## TASK OBJECTIVE
Drop all pictures and repeat exactly the lines from the line holding "Roads to India®" through the end of the records.

(Stored data)
================================

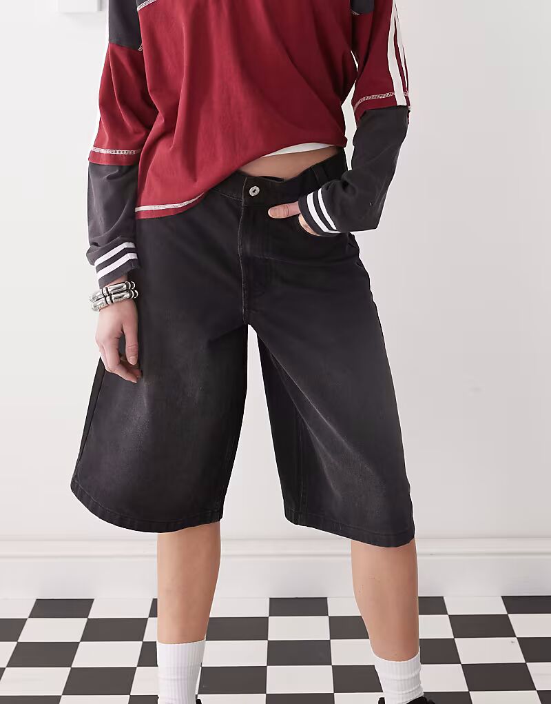 Джинсовые шорты COLLUSION черного цвета с потертостями
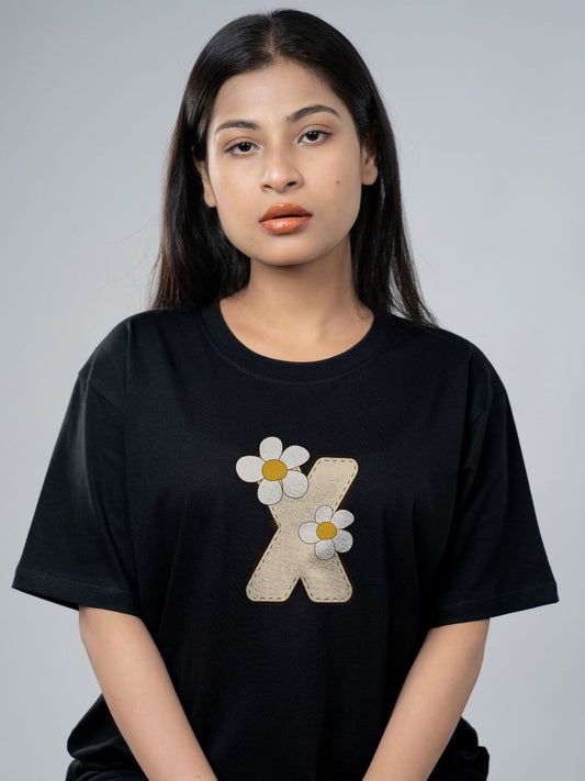 Roads to India® Women's Pure Cotton Casual T-Shirt – X-Name Art Alphabet Graphic Tee | Unisex Fit (Regular & Oversized) | 180/220 GSM | Half Sleeve, Round Neck | S–5XL | Black, Navy Blue, Red
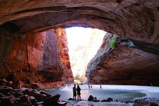 ブルームへの帰路に立ち寄るのはデボニアンリーフ渓谷群の見どころ。ミンピケーブでは先住民のガイド付きで鍾乳洞を散策。先住民の壁画も見て回る。またトンネルクリークでは真夏でも冷たい洞窟内の渓流を抜け、小川で遊泳を楽しむ。そしてウィンジャンゴージ国立公園でのブッシュウオーキング。その勇壮な渓谷はもちろん、水辺の目と鼻の先でオーストラリアワニが見られるのも楽しい。
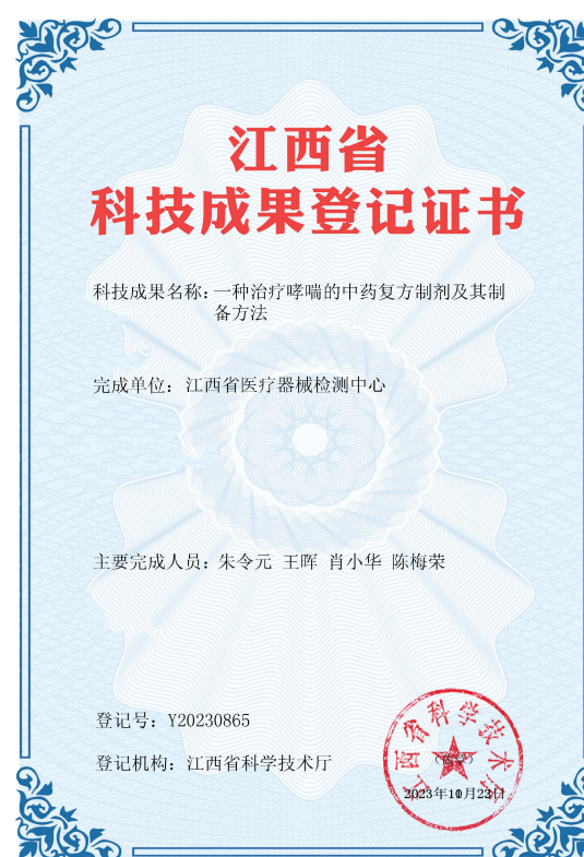 (6)本项目已申报中国专利,专利名称是:“一种治疗哮喘的中药复方制剂及其制备方法”,专利申请号:200410042620.8。现已获得发明专利证书,保护期20年。
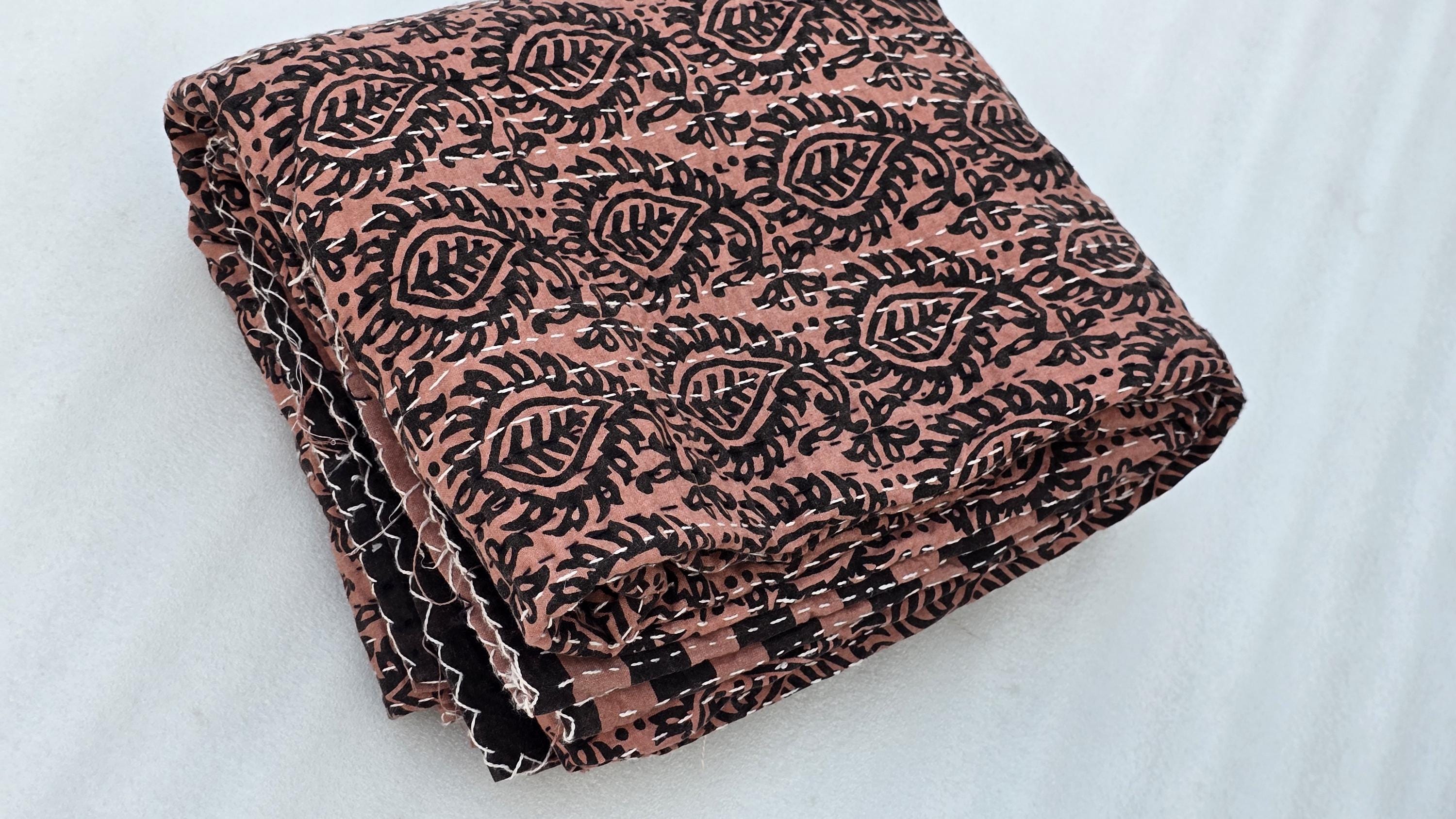 This fabric is made with just two layers of cotton which has been quilted together with little stitches known as kantha

================================

## RESPONSE FOR THIS EXERCISE
 Roads to India® Women's Pure Cotton Casual T-Shirt – X-Name Art Alphabet Graphic Tee | Unisex Fit (Regular & Oversized) | 180/220 GSM | Half Sleeve, Round Neck | S–5XL | Black, Navy Blue, Red
 ブルームへの帰路に立ち寄るのはデボニアンリーフ渓谷群の見どころ。ミンピケーブでは先住民のガイド付きで鍾乳洞を散策。先住民の壁画も見て回る。またトンネルクリークでは真夏でも冷たい洞窟内の渓流を抜け、小川で遊泳を楽しむ。そしてウィンジャンゴージ国立公園でのブッシュウオーキング。その勇壮な渓谷はもちろん、水辺の目と鼻の先でオーストラリアワニが見られるのも楽しい。
 (6)本项目已申报中国专利,专利名称是:“一种治疗哮喘的中药复方制剂及其制备方法”,专利申请号:200410042620.8。现已获得发明专利证书,保护期20年。
 This fabric is made with just two layers of cotton which has been quilted together with little stitches known as kantha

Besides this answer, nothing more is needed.